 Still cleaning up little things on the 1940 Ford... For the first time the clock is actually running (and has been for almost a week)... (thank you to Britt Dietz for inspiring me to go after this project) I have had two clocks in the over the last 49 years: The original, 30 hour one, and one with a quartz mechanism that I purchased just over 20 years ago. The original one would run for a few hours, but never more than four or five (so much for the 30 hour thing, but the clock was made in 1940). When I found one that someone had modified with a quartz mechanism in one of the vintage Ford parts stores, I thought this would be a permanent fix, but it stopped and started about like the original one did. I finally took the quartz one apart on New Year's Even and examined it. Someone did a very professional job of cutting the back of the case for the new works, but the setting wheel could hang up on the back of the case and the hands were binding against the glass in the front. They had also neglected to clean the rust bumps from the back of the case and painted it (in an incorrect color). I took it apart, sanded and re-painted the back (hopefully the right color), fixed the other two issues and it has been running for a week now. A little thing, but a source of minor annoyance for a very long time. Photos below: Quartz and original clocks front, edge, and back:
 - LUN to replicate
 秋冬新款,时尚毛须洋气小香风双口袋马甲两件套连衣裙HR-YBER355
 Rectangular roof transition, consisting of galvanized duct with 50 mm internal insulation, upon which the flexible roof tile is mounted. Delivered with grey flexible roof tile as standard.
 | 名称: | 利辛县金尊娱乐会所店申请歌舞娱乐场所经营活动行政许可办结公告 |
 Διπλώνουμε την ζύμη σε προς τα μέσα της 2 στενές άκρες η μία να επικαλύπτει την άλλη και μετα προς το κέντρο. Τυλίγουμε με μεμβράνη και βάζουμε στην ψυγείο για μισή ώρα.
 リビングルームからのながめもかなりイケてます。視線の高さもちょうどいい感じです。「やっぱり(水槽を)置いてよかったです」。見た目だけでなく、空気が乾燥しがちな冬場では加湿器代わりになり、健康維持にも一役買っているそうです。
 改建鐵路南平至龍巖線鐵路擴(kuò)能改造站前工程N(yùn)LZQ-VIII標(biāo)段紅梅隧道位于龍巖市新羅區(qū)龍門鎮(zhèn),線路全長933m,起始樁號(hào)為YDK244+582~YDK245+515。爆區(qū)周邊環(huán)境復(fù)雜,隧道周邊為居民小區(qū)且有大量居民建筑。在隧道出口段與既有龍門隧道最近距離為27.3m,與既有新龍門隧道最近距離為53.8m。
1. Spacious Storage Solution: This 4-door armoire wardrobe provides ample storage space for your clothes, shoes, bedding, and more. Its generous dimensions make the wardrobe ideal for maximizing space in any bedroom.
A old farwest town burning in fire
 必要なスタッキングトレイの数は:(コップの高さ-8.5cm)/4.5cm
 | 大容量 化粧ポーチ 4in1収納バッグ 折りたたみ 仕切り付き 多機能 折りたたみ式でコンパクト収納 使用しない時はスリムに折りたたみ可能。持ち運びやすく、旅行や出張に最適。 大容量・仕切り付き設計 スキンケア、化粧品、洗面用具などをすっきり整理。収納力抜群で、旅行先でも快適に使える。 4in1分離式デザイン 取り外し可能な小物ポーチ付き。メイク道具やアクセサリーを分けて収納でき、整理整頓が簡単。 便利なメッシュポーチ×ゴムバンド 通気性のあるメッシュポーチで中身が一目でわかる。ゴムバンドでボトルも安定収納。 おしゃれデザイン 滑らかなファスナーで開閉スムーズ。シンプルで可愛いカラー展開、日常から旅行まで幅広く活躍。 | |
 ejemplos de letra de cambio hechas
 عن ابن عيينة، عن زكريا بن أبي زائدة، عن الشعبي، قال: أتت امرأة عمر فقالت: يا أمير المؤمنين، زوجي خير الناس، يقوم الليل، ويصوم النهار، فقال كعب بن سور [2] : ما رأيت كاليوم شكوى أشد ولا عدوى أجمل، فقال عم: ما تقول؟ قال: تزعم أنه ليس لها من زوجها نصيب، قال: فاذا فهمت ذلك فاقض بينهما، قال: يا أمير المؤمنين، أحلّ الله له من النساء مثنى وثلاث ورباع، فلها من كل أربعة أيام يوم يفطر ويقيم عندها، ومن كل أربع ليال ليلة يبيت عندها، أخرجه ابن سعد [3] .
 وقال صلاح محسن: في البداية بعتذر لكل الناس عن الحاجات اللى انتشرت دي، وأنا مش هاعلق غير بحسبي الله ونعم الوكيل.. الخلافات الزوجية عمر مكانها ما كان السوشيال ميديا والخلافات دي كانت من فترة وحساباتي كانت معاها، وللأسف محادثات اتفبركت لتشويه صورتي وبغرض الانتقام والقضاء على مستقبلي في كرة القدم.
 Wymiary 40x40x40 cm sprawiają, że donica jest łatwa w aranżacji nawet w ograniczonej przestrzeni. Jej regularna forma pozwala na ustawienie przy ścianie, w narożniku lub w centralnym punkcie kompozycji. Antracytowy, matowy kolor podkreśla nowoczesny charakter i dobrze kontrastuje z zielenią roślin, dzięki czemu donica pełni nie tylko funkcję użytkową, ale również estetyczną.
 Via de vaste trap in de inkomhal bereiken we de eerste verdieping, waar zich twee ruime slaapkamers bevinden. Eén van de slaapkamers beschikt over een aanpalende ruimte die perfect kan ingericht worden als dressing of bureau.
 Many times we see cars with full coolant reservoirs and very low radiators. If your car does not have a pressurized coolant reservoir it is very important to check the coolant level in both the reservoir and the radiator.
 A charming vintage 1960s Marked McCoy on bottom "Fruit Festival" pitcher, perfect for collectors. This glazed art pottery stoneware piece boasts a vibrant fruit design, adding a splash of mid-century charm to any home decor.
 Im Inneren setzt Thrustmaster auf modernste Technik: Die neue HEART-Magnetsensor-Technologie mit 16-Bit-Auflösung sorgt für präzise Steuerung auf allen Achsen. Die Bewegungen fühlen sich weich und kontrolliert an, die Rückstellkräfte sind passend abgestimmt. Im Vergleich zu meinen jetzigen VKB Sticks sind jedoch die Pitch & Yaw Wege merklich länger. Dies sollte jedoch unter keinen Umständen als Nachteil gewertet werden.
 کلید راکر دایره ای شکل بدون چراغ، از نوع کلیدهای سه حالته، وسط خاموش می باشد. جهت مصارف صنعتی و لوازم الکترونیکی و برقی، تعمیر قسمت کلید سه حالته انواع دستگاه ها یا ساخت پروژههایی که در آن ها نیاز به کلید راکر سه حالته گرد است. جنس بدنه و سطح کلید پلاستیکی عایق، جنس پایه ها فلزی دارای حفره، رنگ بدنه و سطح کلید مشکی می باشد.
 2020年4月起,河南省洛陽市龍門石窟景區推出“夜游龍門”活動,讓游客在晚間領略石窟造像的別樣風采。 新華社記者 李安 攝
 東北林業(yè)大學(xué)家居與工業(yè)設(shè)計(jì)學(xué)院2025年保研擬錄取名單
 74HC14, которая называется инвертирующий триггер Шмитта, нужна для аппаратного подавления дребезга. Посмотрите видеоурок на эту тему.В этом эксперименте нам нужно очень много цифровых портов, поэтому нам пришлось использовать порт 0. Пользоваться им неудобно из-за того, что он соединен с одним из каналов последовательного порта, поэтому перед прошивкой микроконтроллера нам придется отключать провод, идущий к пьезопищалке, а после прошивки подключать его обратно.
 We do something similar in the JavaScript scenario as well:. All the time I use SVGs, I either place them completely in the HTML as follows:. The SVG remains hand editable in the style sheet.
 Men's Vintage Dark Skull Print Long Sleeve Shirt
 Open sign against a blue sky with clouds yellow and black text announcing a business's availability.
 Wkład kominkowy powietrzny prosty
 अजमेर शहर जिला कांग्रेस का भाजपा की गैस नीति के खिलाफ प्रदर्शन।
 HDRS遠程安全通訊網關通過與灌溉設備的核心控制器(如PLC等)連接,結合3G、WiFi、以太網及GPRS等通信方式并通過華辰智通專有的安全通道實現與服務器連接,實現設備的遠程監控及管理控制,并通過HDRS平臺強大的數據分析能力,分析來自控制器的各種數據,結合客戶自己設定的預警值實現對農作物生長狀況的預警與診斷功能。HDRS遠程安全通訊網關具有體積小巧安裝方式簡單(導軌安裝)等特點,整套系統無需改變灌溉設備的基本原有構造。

######

**WORK REQUIRED:**
Every line above that holds the string "your" should be copied out.

**PROBLEM SOLUTION:**
1. Spacious Storage Solution: This 4-door armoire wardrobe provides ample storage space for your clothes, shoes, bedding, and more. Its generous dimensions make the wardrobe ideal for maximizing space in any bedroom.
 Many times we see cars with full coolant reservoirs and very low radiators. If your car does not have a pressurized coolant reservoir it is very important to check the coolant level in both the reservoir and the radiator.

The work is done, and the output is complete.